→ WHAT NEEDS TO BE DONE
Copy out the listing that follows, exact in every word, and skip the images.

→ INFORMATION PROVIDED
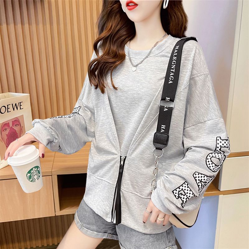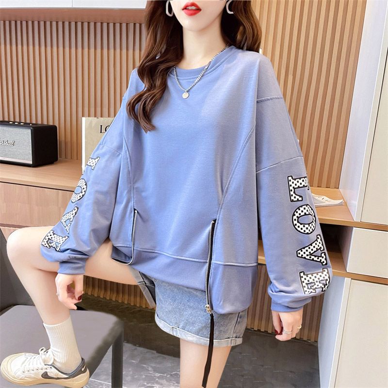 FA42770# 鱼鳞春秋季小众卫衣女拉链薄款蓝色oversize印花 服裝批發女裝批發服飾貨源
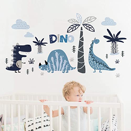 Yovkky Boys Blue Gray Dinosaur Wall Decals Stickers, Dino Animal Peel and Stick Nursery Coconut Palm Tree Clouds Decor, Home Baby Toddler Room Decoration Kids Bedroom Playroom Art Party Supply Gifts
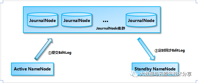 Active NameNode 和 StandbyNameNode 使用 JouranlNode 集群来进行数据同步的过程如下图 所示,Active NameNode 首先把 EditLog 提交到 JournalNode 集群,然后 Standby NameNode 再从 JournalNode 集群定时同步 EditLog:
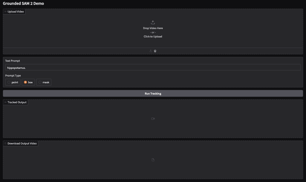 We now create a simple Gradio web interface that allows users to upload a video, write a text prompt, choose the prompt type, and visualize the segmentation tracking result directly.

→ RESULT OF THE EXERCISE
 FA42770# 鱼鳞春秋季小众卫衣女拉链薄款蓝色oversize印花 服裝批發女裝批發服飾貨源
 Yovkky Boys Blue Gray Dinosaur Wall Decals Stickers, Dino Animal Peel and Stick Nursery Coconut Palm Tree Clouds Decor, Home Baby Toddler Room Decoration Kids Bedroom Playroom Art Party Supply Gifts
 Active NameNode 和 StandbyNameNode 使用 JouranlNode 集群来进行数据同步的过程如下图 所示,Active NameNode 首先把 EditLog 提交到 JournalNode 集群,然后 Standby NameNode 再从 JournalNode 集群定时同步 EditLog:
 We now create a simple Gradio web interface that allows users to upload a video, write a text prompt, choose the prompt type, and visualize the segmentation tracking result directly.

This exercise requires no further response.